Seguramente era la única hembra capaz de hacerle daño, pero Cronos jamás lo admitiría en voz alta.
—¿Te parece manera de recibir a tu esposo?
Rhea, reina de los Titanes, lo miró como si no fuera más que una bestia a la que quisiera arrancarle la piel para lucirla como un trofeo.
—Sería mejor hacerlo clavándote un puñal en el cuello.
Cronos hizo un gesto de indiferencia con el que pretendía enfurecerla aún más.
—Ten cuidado, querida. Corres el peligro de excederte en tus protestas.
—¡Aaaagg! —gritó con toda la fuerza del demonio de la Lucha que llevaba dentro—. Pagarás por esto.
—Sí, ya me lo has dicho —Cronos soltó un suspiro burlón—. Te humillas demasiado, querida mía, pero continúa si así lo deseas. Lo que más me gusta es cuando te das cuenta de que no hay nada que puedas decir o hacer y acabas por rendirte.

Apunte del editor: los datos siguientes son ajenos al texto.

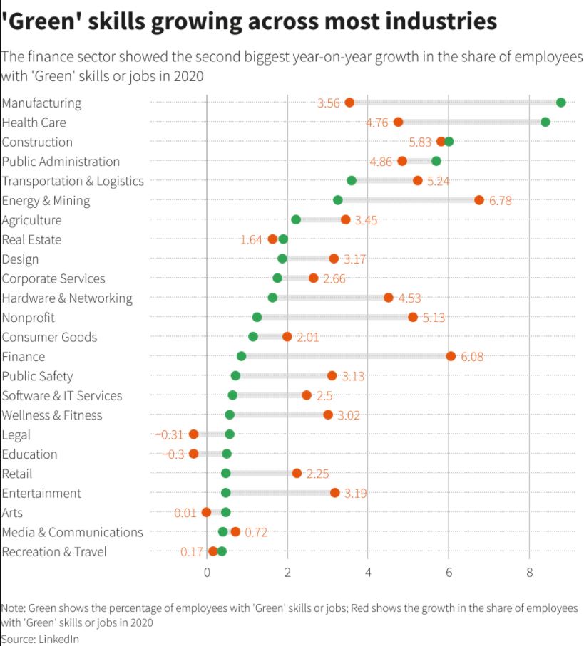 LinkedIn data shared with Reuters shows a steady increase in the number of finance jobs listed as requiring at least one "green skill", such as pollution prevention or ecosystem management, particularly in the United States.
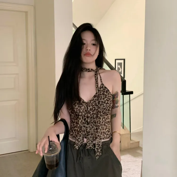 JUFU Майка Женская с леопардовым принтом
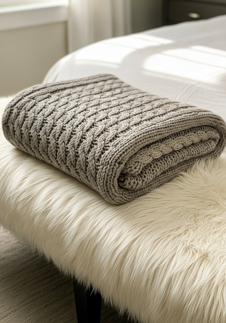 - Buy throws seasonally: I swap mine every 3 months. Chunky knit throw blanket is ~$40.
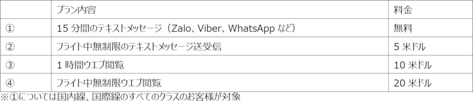 米国・ViaSatのインターネット接続衛星システムを搭載した一部機材が対象で、国内線・国際線の全クラスでは15分間のテキストメッセージ(Zalo、Viber、WhatsAppなど)が無料で利用可能。国際線では3種類の料金プランを用意し、フライト中無制限のテキストメッセージ送受信(5米ドル)、1時間Web閲覧(10米ドル)、フライト中無制限Web閲覧(20米ドル、ビジネスクラス搭乗客は2025年12月まで無料)から選べるようにした。なお、2026年中にはすべての同型機にサービスを拡大し、今後は決済方法や利用プランの選択肢も増やす予定としている。
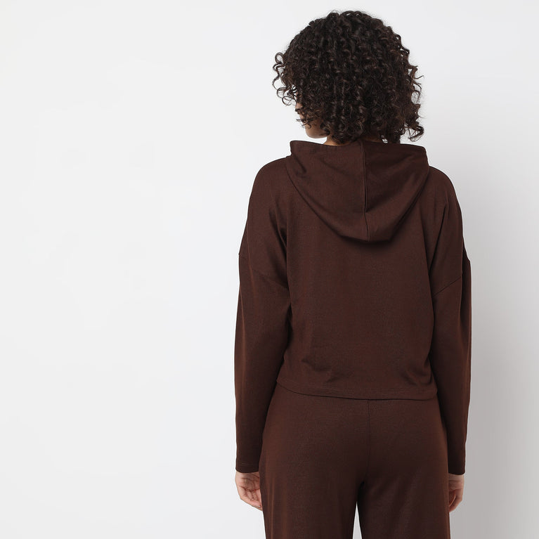 This solid pattern top has a hoodie and full sleeve. Made from polyester, it is soft and comfortable to wear.
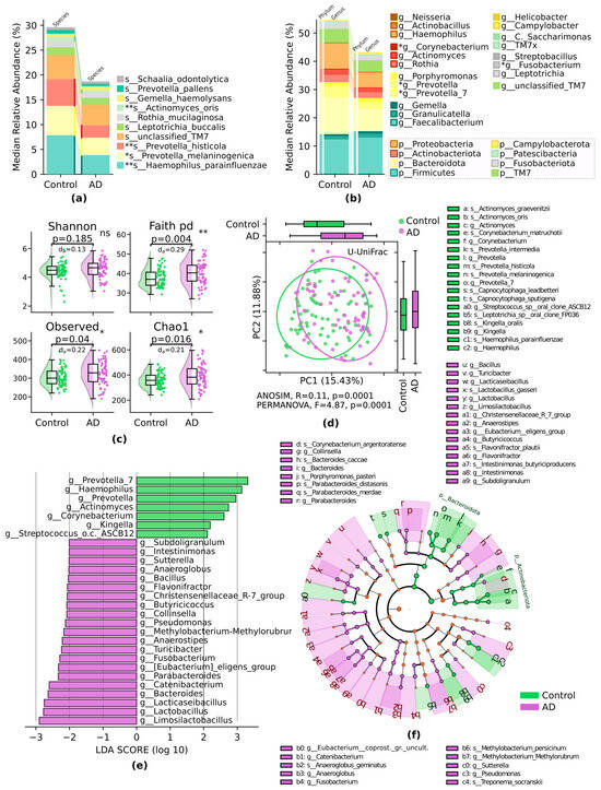 Figure 2. Oral microbiome compositional dissimilarities in AD and control groups: (a) median relative abundance of most abundant species; (b) median relative abundance of the top genera of most abundant phyla; Mann–Whitney U test; (c) α-diversity. Shannon and Chao1 indices. Number of observed OTUs and Faith phylogenetic diversity (pd). Mann–Whitney U test, with abs. Cliff’s delta effect size (normalized U statistic) a; (d) β-diversity. Principal coordinate analysis (PCoA) ordination based on the unweighted UniFrac (U-UniFrac) distance. ANOSIM R, PERMANOVA F with permutations; (e) LefSe bar plot, LDA < 2 at the genus level; (f) LefSe cladogram at the genus and species levels. * p ≤ 0.05, ** p ≤ 0.01. a Cliff’s delta quantifies how often values in one distribution are higher than in the second distribution.

Pero ella siguió luchando y a Cronos dejó de parecerle divertido porque también él sentía dolor en las muñecas y en los tobillos. Aquella horrible criatura y él estaban conectados y, cuando alguien la hería, también lo hería a él, por muy lejos que estuvieran el uno del otro. Del mismo modo, cuando Rhea experimentaba placer, también lo sentía él; así que siempre sabía cuándo se acostaba con otro. Claro que también ella sabía cuándo él estaba con otra.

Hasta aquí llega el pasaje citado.